I did a Spoken Word/Electronica concert in Italy recently with jazz artist John Arnold.  The ongoing refrain of the poem I’d written was, “There is no Other, only you.” And that perfectly encapsulates what I wanted to put forward in this project.  I wanted to expand on the idea that we are all human, irrespective of circumstances. That the human condition is fraught with insecurities, self-destructive behavior, and the occasional breakthrough.  A crack-addled hooker working the wharf bleeds red just like we do.  Conversely, even people who look as though they have it totally may be as fucked up and conflicted as all the rest of us.

 How did you feel on release day?
Terrified! I couldn’t sleep. I was convinced that everyone would heap scorn and contempt on me for having been a cover girl and centerfold and stripper. The irony is that I am far more naked in this book than I ever was onstage. By the time reviews started coming in, I felt some reassurance that people understood the reasons why I decided to come forward with the story. It has universal themes, this story does. I think most people can relate.
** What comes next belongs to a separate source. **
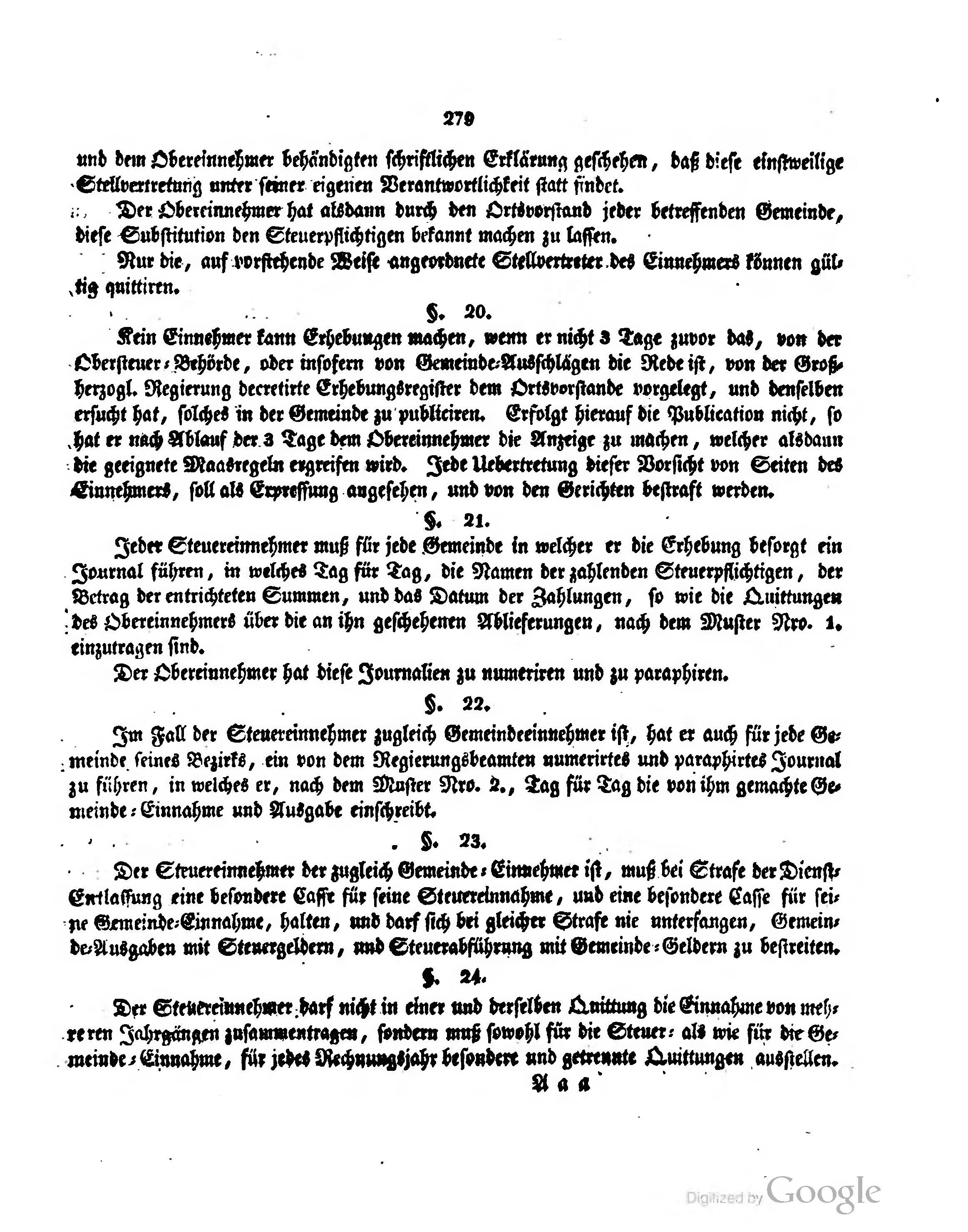Der Steuereinnehmer der zugleich Gemeinde-Einnehmer ist, muß bei Strafe der Dienst-Entlassung eine besondere Casse für seine Steuereinnahme, und eine besondere Casse für seine Gemeinde-Einnahme, halten, und darf sich bei gleicher Strafe nie unterfangen, Gemeinde-Ausgaben mit Steuergeldern, und Steuerabführung mit Gemeinde-Geldern zu bestreiten.

Where do you find inspiration?

Being a writer is odd. So much of a writer’s life is isolation and butt-in-chair tenacity, and yet life experiences and human interaction are the two most important contributors to richly-textured prose. As weird as this may sound, I don’t write with just my heart, my mind, or my soul. I write with my vagina. Not literally, of course, although that’s an interesting mental image! But the source of all my creative juice flows from that sacred channel.  When I shut down sexually, my writing shuts down, too.

I know you're a savvy relationship expert. What are some of the most common relationship problems you've seen?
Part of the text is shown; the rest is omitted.